Task goal => Output the listing below verbatim, without images.

Data excerpt =>
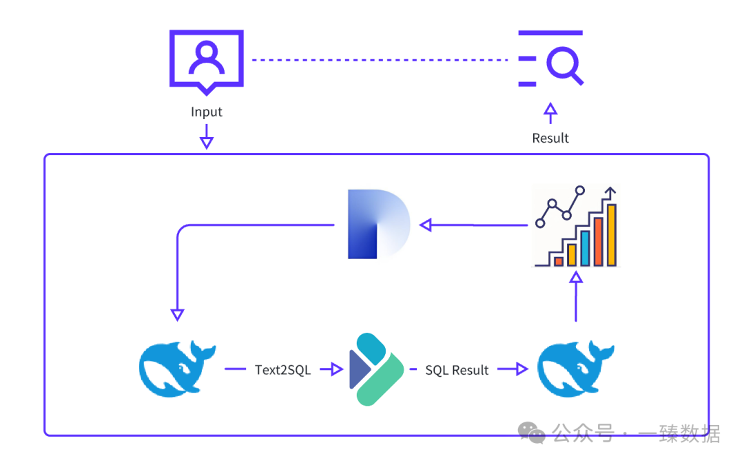 用户提需求 → DeepSeek进行Text2SQL → Doris执行查询 → DeepSeek分析 → 可视化BI展示
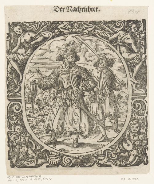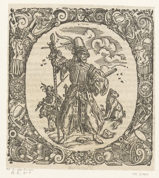 "Landsknecht en musketier" by Jost Amman, is an engraving made in the 16th century. The circular composition immediately draws the eye, framing two figures in a tight visual space. The Landsknecht and musketeer are rendered with precise lines, emphasizing the textures of their garments and armor. Amman’s choice to encircle these figures with an ornate, decorative border introduces a duality between the central subjects and their context. This contrast could be interpreted through a semiotic lens: the warriors represent the emerging military strategies of the Renaissance, while the classical motifs in the border symbolize the enduring influence of the past. The circular frame may also function as a visual metaphor for containment, hinting at the constraints and order imposed on these figures despite their roles as agents of change. This engraving, therefore, presents a structured commentary on the evolving roles of the military, mediated by the visual structures that Amman employs. The artwork invites us to explore the interplay between tradition and innovation during a transformative period in European history.
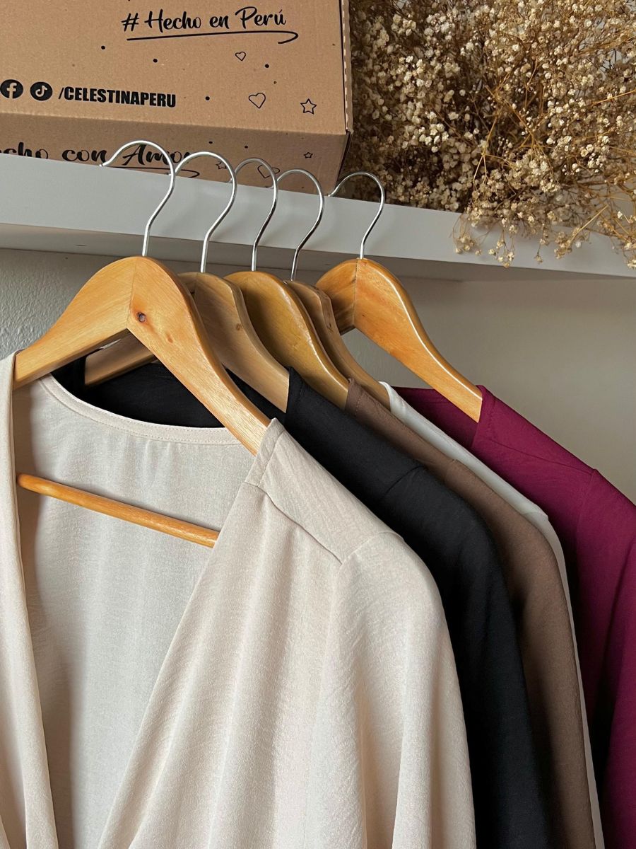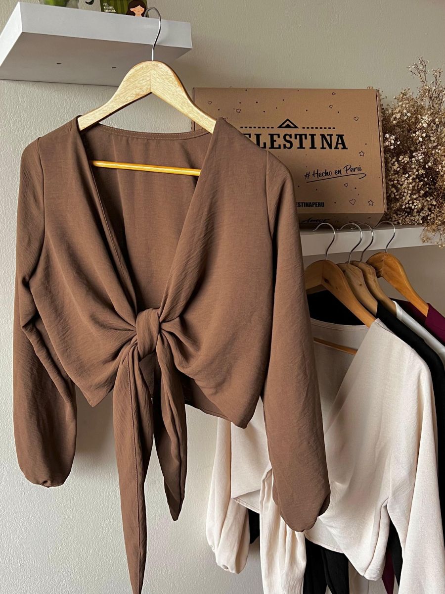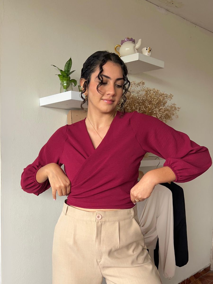 Blusa envolvente de manga larga. Ajustable al gusto, más de 5 maneras de usarla. Hecho en tela vienna. Producción 100% peruana.

Solution below =>
 用户提需求 → DeepSeek进行Text2SQL → Doris执行查询 → DeepSeek分析 → 可视化BI展示
 "Landsknecht en musketier" by Jost Amman, is an engraving made in the 16th century. The circular composition immediately draws the eye, framing two figures in a tight visual space. The Landsknecht and musketeer are rendered with precise lines, emphasizing the textures of their garments and armor. Amman’s choice to encircle these figures with an ornate, decorative border introduces a duality between the central subjects and their context. This contrast could be interpreted through a semiotic lens: the warriors represent the emerging military strategies of the Renaissance, while the classical motifs in the border symbolize the enduring influence of the past. The circular frame may also function as a visual metaphor for containment, hinting at the constraints and order imposed on these figures despite their roles as agents of change. This engraving, therefore, presents a structured commentary on the evolving roles of the military, mediated by the visual structures that Amman employs. The artwork invites us to explore the interplay between tradition and innovation during a transformative period in European history.
 Blusa envolvente de manga larga. Ajustable al gusto, más de 5 maneras de usarla. Hecho en tela vienna. Producción 100% peruana.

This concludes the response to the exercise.